His word was stated and set eons ago. . .
there is to be no changing, no rewriting,
no updating to modern times. . .no redo. . .

Yet I am told that my thoughts, my beliefs, my faith are all no longer acceptable.
It’s all outdated, passé, cliche, no longer relevant. . .
Change or be changed I am told.
I must no longer adhere to the mumbo jumbo.
The courts will have their say.
They’ll show me.
They will tell me that I can’t believe.
Television tells me I can’t believe.
Their shows will prove I’m wrong.
Movies and music will all show me.
Step aside I am told.
We don’t want you here.
You can’t pray here.
You can’t say “Amen” here.
You can’t talk about Jesus here. . .
You’ll be fired, removed, shut down, sued, or even beheaded if ISIS has any say.

Bad things happen.
Earthquakes, calamities, tidal waves, tornadoes, floods, volcanos, blizzards,
natural as well as man made disasters. . .
I am asked where is my God.
How dare he allow such suffering. . .
Why doesn’t He stop the madness, the chaos?

But wait, I thought I was told He doesn’t exist, we don’t have room for Him, I was wrong for my belief in Him. . .
We rewrote Him, I reply, remember. . .
We made Him smaller.
We made Him our own.
We didn’t want to be transformed into His likeness, we wanted, rather, to transform Him to our likeness, our image, our idea, our ideal. . .

Hear the words of the ancient psalmist. . .
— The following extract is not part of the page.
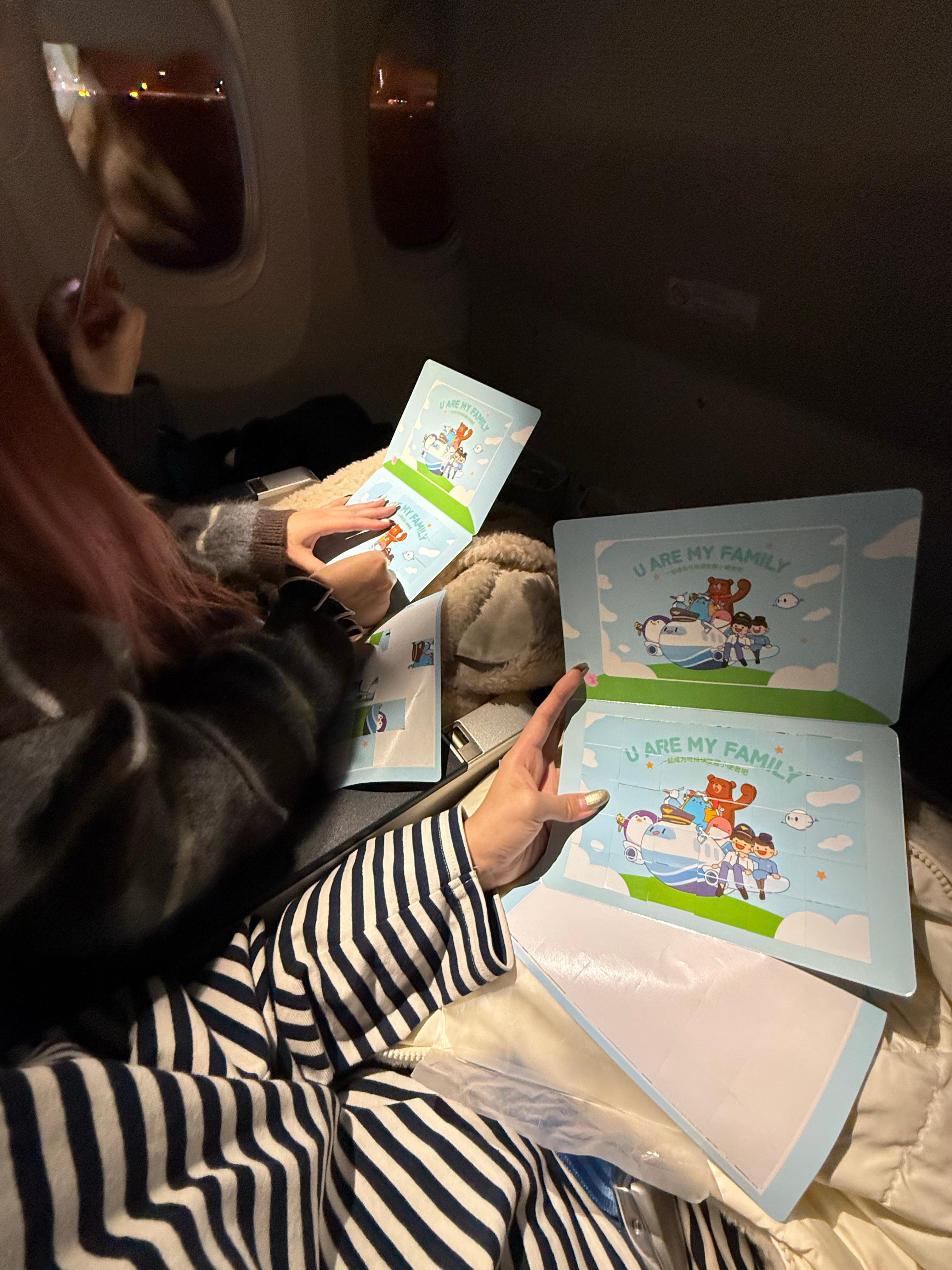 偷拍老板还被老板偷拍回去的很吵闹路程如何做到安静🤫空姐给我们三个个人发了拼图?

“You have rebuked the insolent;
cursed are they who stray from your commandments!”

Psalm 119:21

And hear now the words written by Dietrich Bonhoeffer, while he was a prisoner in a Nazi death camp awaiting execution. . .the writing was to be a manuscript written of his reflection of Psalm 119. . .
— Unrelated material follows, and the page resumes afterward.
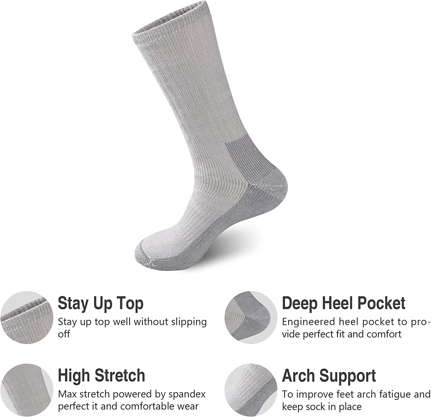 Merino Wool is a natural moisture management fiber that wicks moisture and Super soft to provides natural comfort for all seasons.Each pair is cushioned throughout and reinforced from heel to toe for maximum comfort and durability. These wool cushion crew socks designed for extreme weather conditions, great cold weather gear for outdoor activities and sports like skiing.

God hates the insolent, those who despise the Word of God and the faithful. Pride before God is the root of all disobedience, all violence, all irresponsibility. Pride is the root of all rebellion and destruction. Confronting all pride and insolence, however, is a fearful warning, of which the proud themselves comprehend nothing but the faithful do: it is the gospel. “God opposes the proud, but gives grace to the humble” (1 Peter 5:5). The cross of Jesus Christ, which shows that God is with the weak and the humble, is God’s rebuke to the insolent. They may achieve victory over all human beings, but against God they will come to nought.
Whoever believes in the gospel sees the Word of God hanging over the insolent of this earth. The preaching of the Word of God is the only serious rebuke to a humanity grown proud. But along with his Word, God has also given sign of his might. In the midst of history, here and there, God’s rebuke can be seen, and the community of the faithful look with shuddering and amazement at the proud, who even now in their time fall and are destroyed. They are kept from any hypocritical certainty, however, because they see that innocent people are always destroyed along with the proud; and so the visible judgements of God remain hidden and obscure even for the faithful. Only the Word remains incontrovertibly clear when it pronounces its curse on the godless: “Cursed are they who stray from your commandments!” In the laws it says ” Cursed be he who does not confirm the words of this law by doing them” (Deut.27:26). Can we speak this word without being convicted by it ourselves? Is it a word only for others and for ourselves? The curse upon the transgressors of the law of God is God’s right and. . .

Bonhoeffer’s words of his manuscript break off at this point. . . he never finished the manuscript. . . on April 9, 1944 he was executed on the direct orders of Adolph Hitler, exactly two weeks before Hitler committed suicide.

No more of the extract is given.